About this exercise -> Write the full listing out again, word for word, but omit the pictures.

Dataset extract ->
==================================================
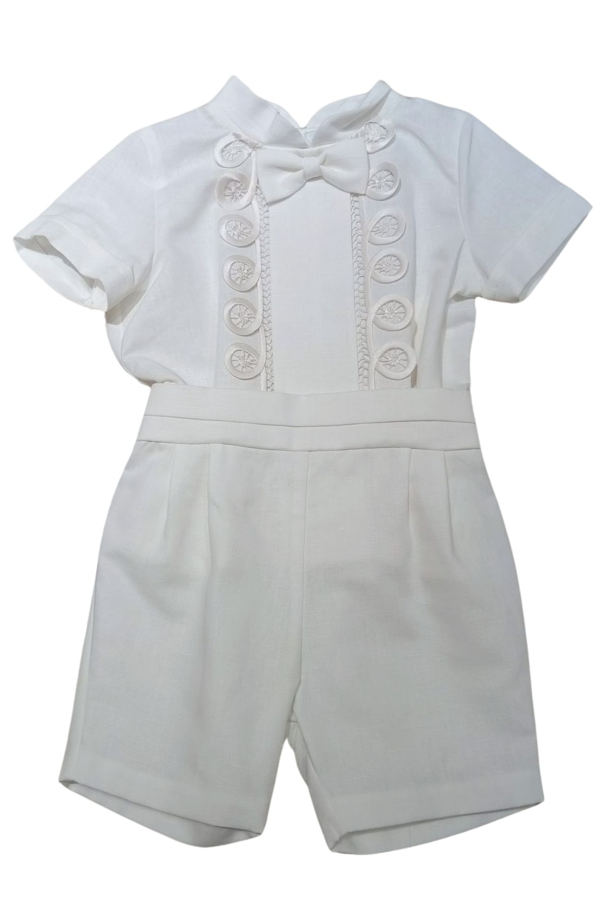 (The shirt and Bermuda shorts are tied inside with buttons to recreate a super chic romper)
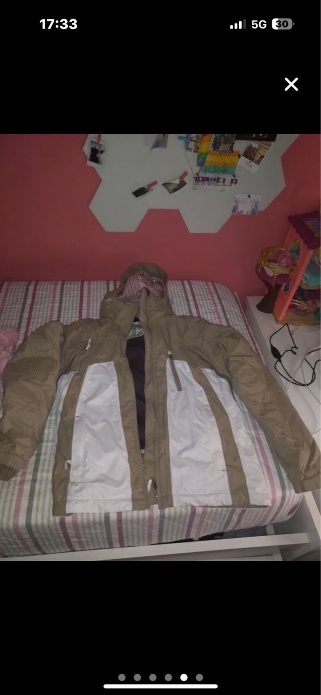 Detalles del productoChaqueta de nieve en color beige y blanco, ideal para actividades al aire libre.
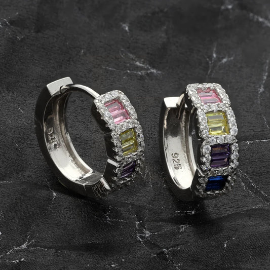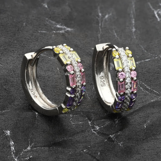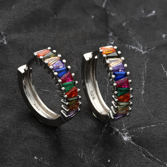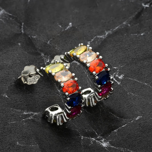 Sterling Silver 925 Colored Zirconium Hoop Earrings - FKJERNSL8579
==================================================
Exercise output ->
 (The shirt and Bermuda shorts are tied inside with buttons to recreate a super chic romper)
 Detalles del productoChaqueta de nieve en color beige y blanco, ideal para actividades al aire libre.
 Sterling Silver 925 Colored Zirconium Hoop Earrings - FKJERNSL8579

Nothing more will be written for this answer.